The PPAC Saga: A Little Background on Location for the Initial Recording

Knots and Crosses had occasionally rented the Portland Performing Arts Center (PPAC) and promoted our own shows. It was a comfortable and familiar venue, and was the site I had in mind as I began planning how to record the album. But there was a catch. By the time I was ready, the hall had changed hands and was now owned by (cue the Italian-American Mafioso clichés) the Capone family, who had offices in Boston’s North End. A series of phone calls led me to take a meeting there, with guys sitting outside the door of a storefront, just like in practically every Scorsese movie I had ever seen. Swallowing hard, I told them I had an appointment with Mr. Capone, and sizing me up as someone who was absolutely no threat to anyone with at least one arm, I was allowed entry.

Mr. Capone turned out to be a charming middle-aged man, probably younger than I am today. After I explained what I wanted to do in the PPAC, he loudly exclaimed – “Ah, you’re a musician! I like music. Music is a beautiful thing. I want to help you make your music.”

Feeling a Bonasera-like favor coming on, I was trying to think how to let him know there was never going to be any money in my music (a prophesy that continues to hold true in full force). But he probably knew that. Instead, he wanted to talk about music. He liked jazz. Not so much anything post-WW II, but more like swing. And of course, Sinatra. “But one day, I turn on the TV, and I see this guy moving his hips, singing about a hound dog. I said, ‘that’s not music.’ Elvis Presley – do you know him? I turn off the TV. If that’s music, I don’t want to know about it.” He sat silently shaking his head as if reliving the trauma of seeing Elvis on the Tommy Dorsey show – which in my opinion is a most excellent performance.

After Mr. Capone confirmed that Elvis had ruined music in the 20th century, he went on to say, “And then I saw the Beatles on TV. And at least they played instruments. But, ‘yeah, yeah, yeah?’ Come, on. But I was wrong about them. You know that song, ‘The Long and Winding Road?’” He then proceeded to belt out the chorus in his best Bostonian-Italian accent (forever burned into my brain, but impossible for me to replicate in type). 
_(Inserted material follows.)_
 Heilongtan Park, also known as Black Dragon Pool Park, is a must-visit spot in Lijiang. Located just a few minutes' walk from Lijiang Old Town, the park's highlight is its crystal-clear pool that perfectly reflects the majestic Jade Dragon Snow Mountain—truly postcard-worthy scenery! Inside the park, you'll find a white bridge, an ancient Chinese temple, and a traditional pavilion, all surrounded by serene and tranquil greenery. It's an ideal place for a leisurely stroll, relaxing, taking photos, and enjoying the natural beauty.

“That’s a good song. I like that song. It’s got a road. And it’s got a door.”

“But it’s not about a road. It’s not about a door. You know what I mean? It’s deep.”
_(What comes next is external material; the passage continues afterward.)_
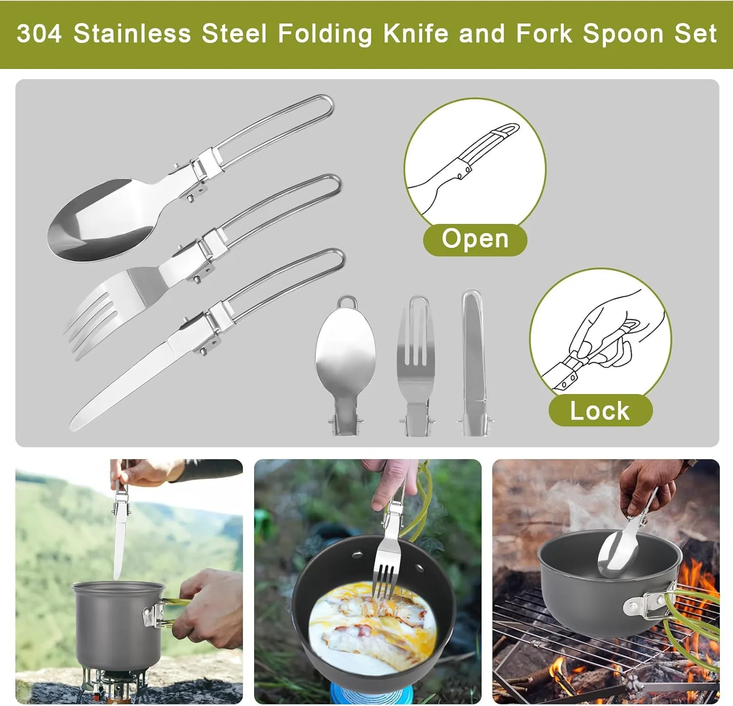 * Ampliamente utilizado: el juego de utensilios de cocina para acampar es ampliamente utilizado, perfecto para acampar, senderismo, picnic, barbacoa, mochilero y otras actividades al aire libre, los atletas al aire libre no deben perderse

“You write songs like that?” 

Uh…

“That’s ok, that’s ok. I like you; I wanna help you out.” And help me out, he did. Accepting a modest rental fee and giving me 24-hour access to the theater where we could make loud sound late into the night without worrying about neighbors (or cops). So for four glorious days, I was a recording artist, doing exactly what I always dreamed of doing. And doing it with great folks, supportive and enthusiastic.

So, thanks Mr. Capone! I hope you’re somewhere singing.